Ливия! Чего только они не наговорили друг другу! Он даже не хотел вспоминать. Он был не в себе и, кажется, спросил, привезет ли она мальчика в Афины. «В Афины? – спокойно промолвила Ливия. – Конечно, нет».
Гай Эмилий закрыл глаза. Постепенно он то ли задремал, то ли провалился в полузабытье. На него нахлынули какие-то образы, чудесные и одновременно страшные. Он словно бы вдыхал смертоносный аромат неведомых цветов. Почему-то ему привиделась Медея со своим снотворным зельем, Медея, усыпившая огнедышащего дракона. Драконом была его жизнь, а Медеей…
В какой-то момент Гаю удалось открыть глаза. Странно, кругом была темно, как в могиле. Его душили жажда и боль, все словно бы горело внутри, и в голове кружился огненный вихрь. Ему в лицо таинственно смотрели темные глаза вечной любви, глаза Клеоники, глаза смерти, которая стерегла его всегда. Внезапно ему вспомнились слова Ливий о том, что однажды их дом превратится в гробницу. Когда он все понял, ему стало жутко. Гай свалился с ложа и пополз во тьме ночи, туда, куда его, казалось, вела одна-единственная светлая мысль…

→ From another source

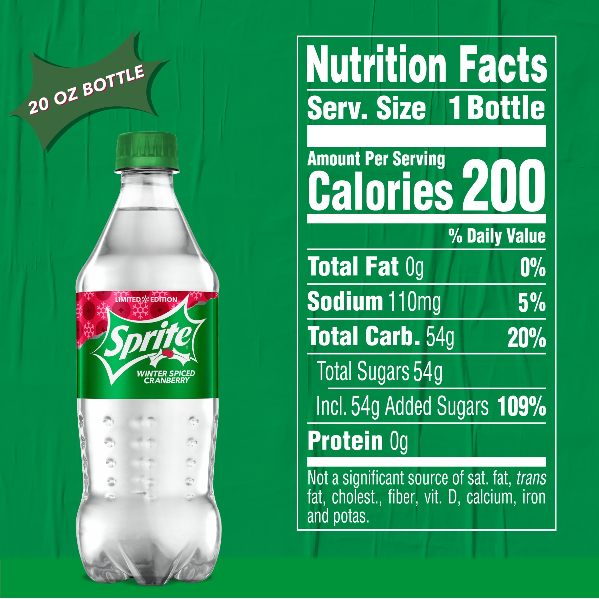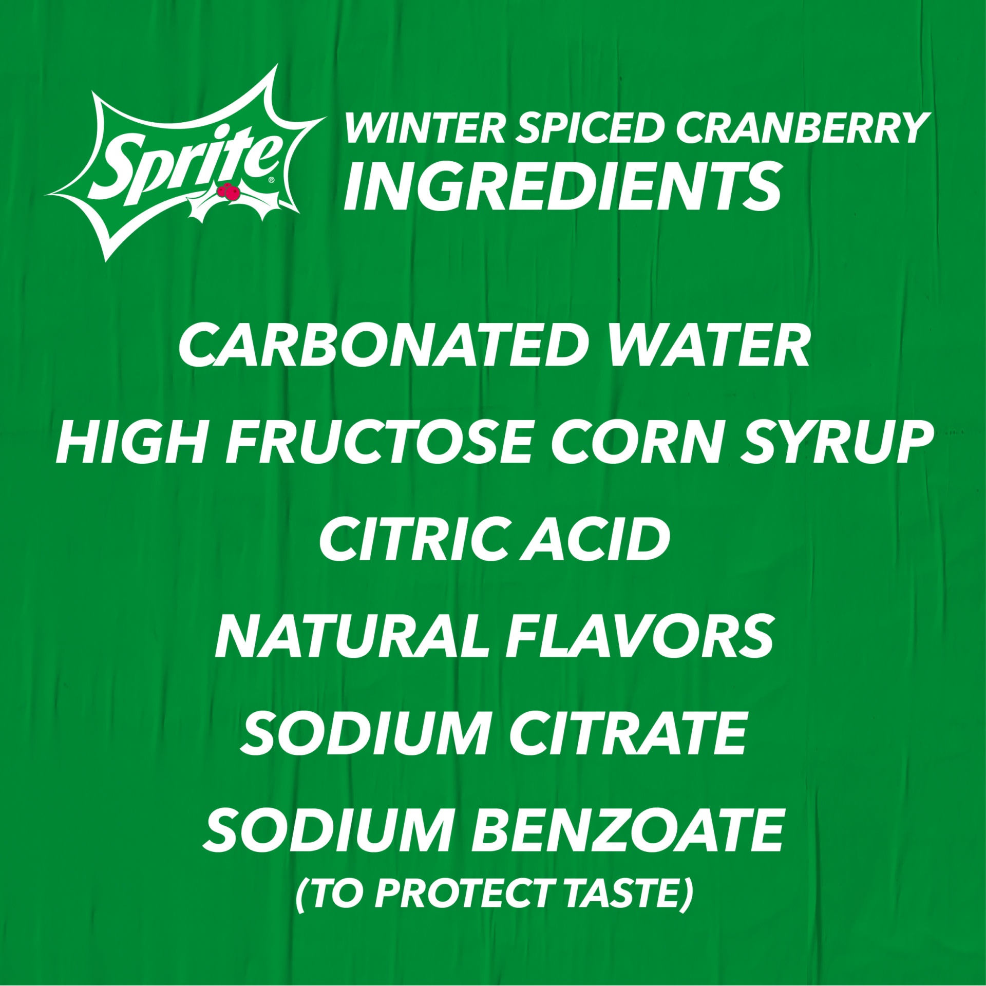 - With a twistCombined with spices and cranberry flavors for a unique taste combinationCaffeine-free20 FL OZ per bottleA blend of spices and tangy cranberry flavors combined with Sprite’s lemon-lime flavor

Рано утром его нашла соседка. Заглянув в лицо Гая, она кинулась в дом и обнаружила там Клеонику, красиво причесанную, наряженную и… бездыханную. Тогда женщина побежала по улице, крича, что совершено убийство или, может, это дело рук кер, богинь несчастья и смерти. Подоспевший врач определил, что Гай Эмилий жив, хотя он был бледен, холоден и едва дышал. И он выжил, хотя окончательно пришел в себя тогда, когда Клеоника уже лежала в земле.
И вот теперь он стоял на палубе корабля и глядел на тяжело перекатывающиеся волны, даже на вид холодные, враждебные и… странно живые. Они с Ливией успели на самое последнее судно…
Гай был еще слаб, он мерз даже под несколькими слоями одежды, его мутило, и голова кружилась при каждом движении. И все-таки он уезжал, потому что уезжала Ливия. Она спешила, поскольку беспокоилась о детях. А он… Он не мог оставаться один, ибо его в одночасье покинули все жизненные силы. Сейчас ему казалось, он знал, он все понял, когда Клеоника разливала вино, и позволил ей сделать то, что она задумала, потому что ничего не хотел решать сам, не мог, да и просто не знал, что решить.
И сказал, продолжая глядеть на море:
– Мне кажется, умершие, сожженные ли, погребенные, все равно остаются с нами, они где-то рядом… Не простившие нас…
Ливия подумала, что Гай прибавит «и между нами», но он молчал, и тогда она тихо спросила:
– А боги?
– Не знаю. Наверное, они там, в междумирии, безмятежные и недосягаемые… ни для чего. Так или иначе, только мы, мы сами несем ответственность за то, что происходит в нашей жизни.
Ливия взяла Гая Эмилия за руку, и они осторожно сплели пальцы.
Гай продолжал думать. Вернется ли он в Афины? Кто знает! Впереди был Рим, встреча с мальчиком, который считал и, должно быть, всегда будет считать себя сыном Луция Ребилла. Впереди было… будущее? Наверное, да.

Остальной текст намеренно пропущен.